Question

The Boolean expression $P+\overline{P}Q$ where P and Q are the inputs of the logic circuits, represents.
$(a)$ AND gate
$(b)$ NAND gate
$(c)$ NOT gate
$(d)$ OR gate

Answer 1

- Hint: In this question consider the basics of the truth table of OR, AND and NOT gate for basic inputs of, 1. In general 4 basic cases will arise that is 0 operation 1, 0 operation 0, 1 operation 0 and 1 operation 1. Then try and create the same truth table considering the cases for the given Boolean expression that is $P+\overline{P}Q$. Compare the results obtained with the basic gates, this will help getting the right answer.

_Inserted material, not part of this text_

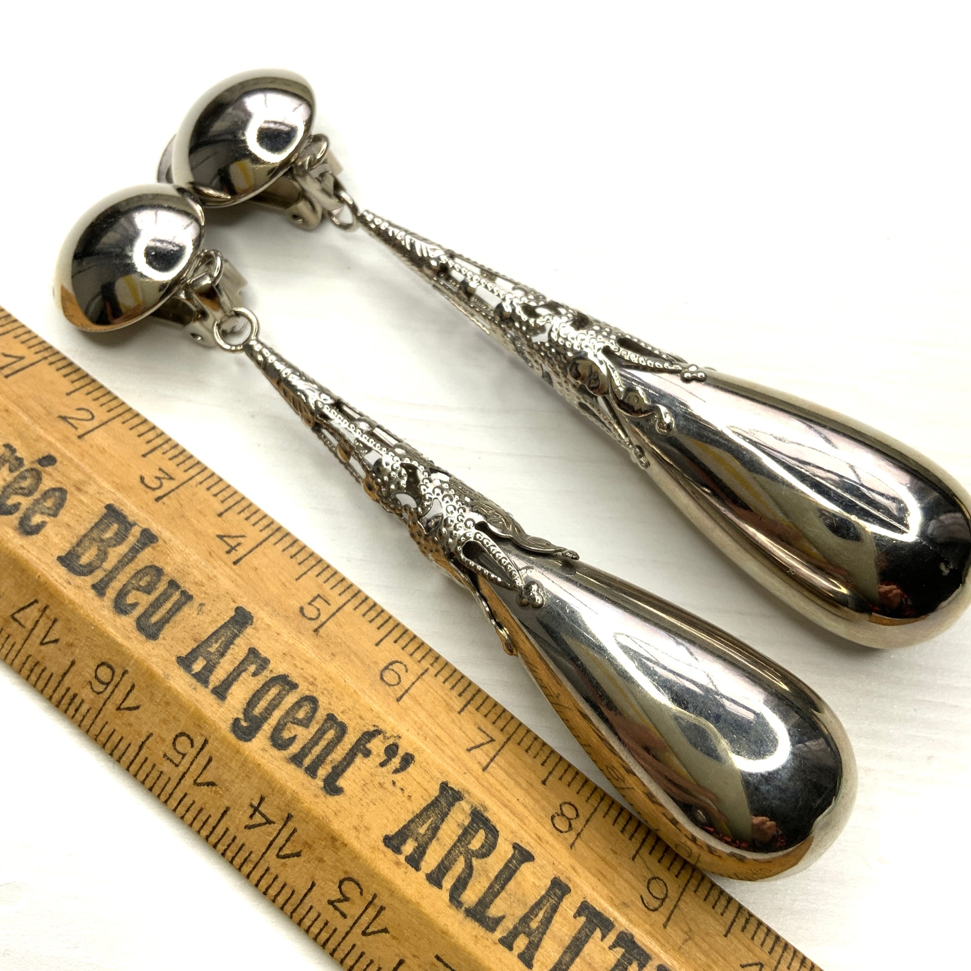 光沢のある大きなシルバートーンのレインドロップが揺れるクリップイヤリング。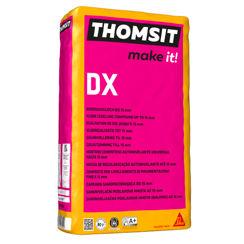 Zeer emissiearm egaliseermiddel op cementbasis voor het egaliseren van ondergronden, alvorens een bekleding wordt aangebracht. Geschikt voor alle soorten dekvloeren, beton, tegels en steenachtige ondergronden. Alleen toepasbaar binnen en in een droge omgeving. Bij cementachtige ondergronden, moet een eventuele cementsluier met geschikte machines verwijderd worden. De vakkundig voorbereide ondergrond met de geschikte Thomsit voorstrijk- of grondeermiddelen behandelen.

Complete step-by-step solution -

Given Boolean expression
$P+\overline{P}Q$
Where P and Q are the inputs of the logic circuit
Now make the truth table using these inputs and find out the output using the Boolean rule which is,
OR rule
0 + 0 = 0
0 + 1 = 1
1 + 0 = 1
1 + 1 = 1
AND rule
0.0 = 0
0.1 = 0
1.0 = 0
1.1 = 1
NOT rule or Inverted rule
$\overline{1}=0$
$\overline{0}=1$

S.No	Input (P)	Input (Q)	Output ($P+\overline{P}Q$)
1	0	0	(0+$\overline{0}$.0)=(0+1.0)=(0+0)=0
2	0	1	(0+$\overline{0}$.1)=(0+1.1)=(0+1)=1
3	1	0	(1+$\overline{1}$.0)=(1+0.0)=(1+0)=1
4	1	1	(1+$\overline{1}$.1)=(1+0.1)=(1+0)=1

So as we see that the Boolean expression $P+\overline{P}Q$ where P and Q are the inputs of the logic circuit follow the OR rule.
So the logic circuit represents the OR gate.
So this is the required answer.
Hence option (D) is the correct answer.

Note – The gates are very important in terms of electronic circuits or even in power systems as they can be used to control the circuit as they take very less time in comparison to odd switches to turn off and on. NAND gate is a basic gate formed by the combination of the NOT gate and the AND gate.